Brent Hamling

A Healthcare Engineering Spotlight on Brent Hamling

March 8, 2024

In the world of healthcare facility design, where precision and compassion intersect, electrical engineer Brent Hamling, PE, has carved a niche for himself in healthcare lighting expertise.  His career has included impactful projects, innovative solutions, and a keen eye for merging technical expertise with human-centric needs.

Brent keenly understands the differences when designing for healthcare versus other industries in the need for designs that blend functionality with a welcoming atmosphere.

“Healthcare facilities have some of the most stringent and far-reaching codes and standards in the industry compared to other types of construction,” he said. “Healthcare facilities are visited by almost everyone, from the youngest to the oldest in our society. I feel that healthcare facilities are unique in that regard. The design must consider the functionality of the space for everyday occupants and feel welcoming and comfortable for the patients, whether they visit frequently or infrequently. Not everyone visits a corporate headquarters, bank, or typical office building, but almost everyone experiences a clinic or hospital at some point.”

It’s this mindset that informs every healthcare project Brent touches. Some projects that stand out to Brent specifically include the UAMS Winthrop P. Rockefeller Cancer Institute and Arkansas Children’s South Wing and current MFP expansion.

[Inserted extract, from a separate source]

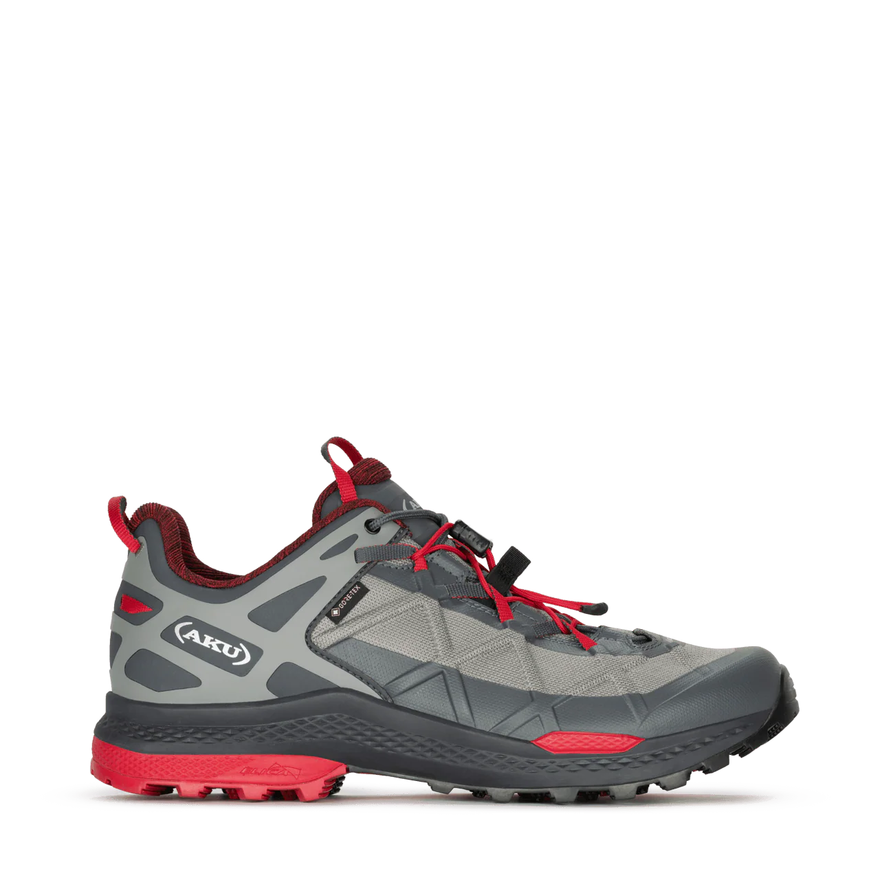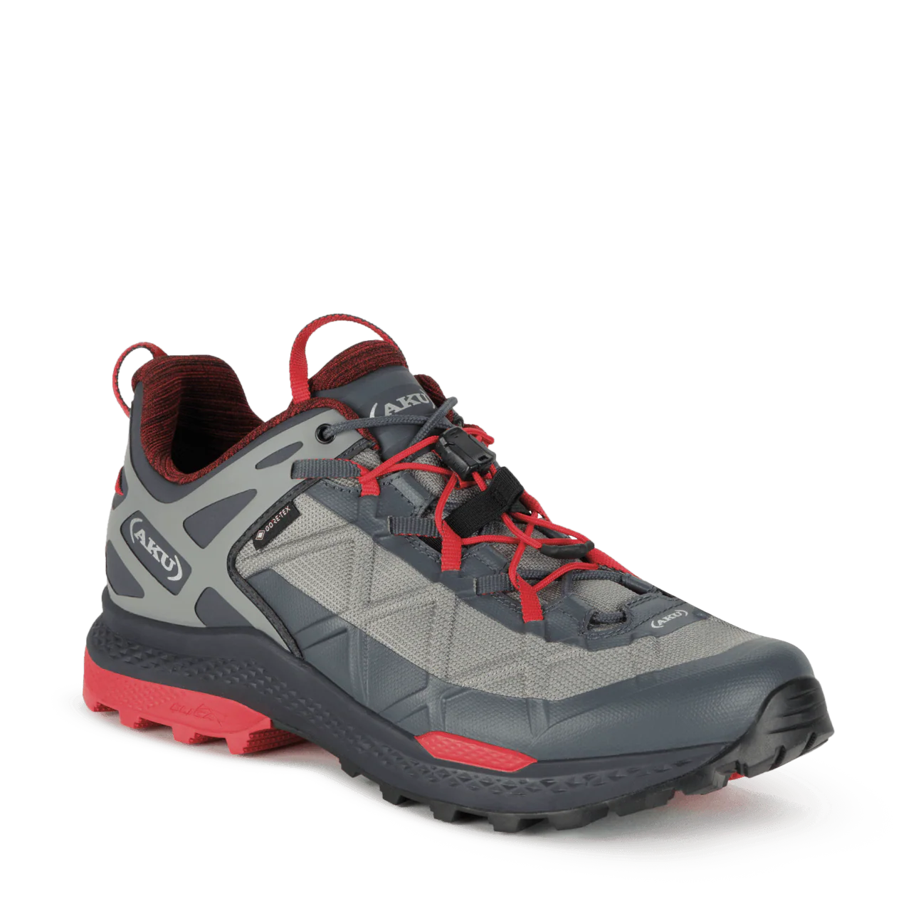 esclusiva AKU Dual Fit System (DFS), qui realizzata nella versione per lo speed hiking, consente di variare il grado di precisione della calzata agendo con semplicitร sui due diversi sistemi di allacciatura. E’ costruita con la tecnologia AKU Elica Natural Stride System per favorire lยefficienza biodinamica.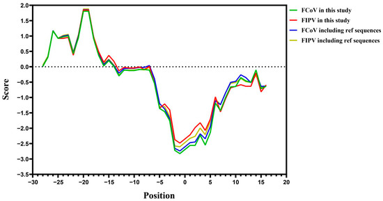 A line graph of the average hydrophobicity change at these sites is presented in Figure 4. Point 0 in Figure 4 represents the furin cleavage site. This indicated that, for both the data statistics in this study and the sequence statistics after combining with the reference sequence, in the −5 to +5 region of the figure, the value of FIPV is significantly higher than that of FCoV, which is a specific numerical reflection of hydrophobicity.

“UAMS stands out because it provided a wide variety of functions throughout the facility and incorporated some interesting lighting as LED technology was becoming more prevalent,” he said. “The Children’s projects stand out because they are major expansions to the regions premier pediatric hospital.”

Challenges are inherent in the healthcare sector, and Brent has faced them head-on in several outpatient clinics.

“I’ve had a couple of outpatient clinics where foresight was given to the potential for future services,” Brent said. “Considering the advanced level of care which could be provided, systems had to be designed to accommodate future needs without putting excessive burden on the first cost.”

Navigating the complexities and challenges of regulations in the healthcare industry while still being innovative in design is something Brent takes seriously.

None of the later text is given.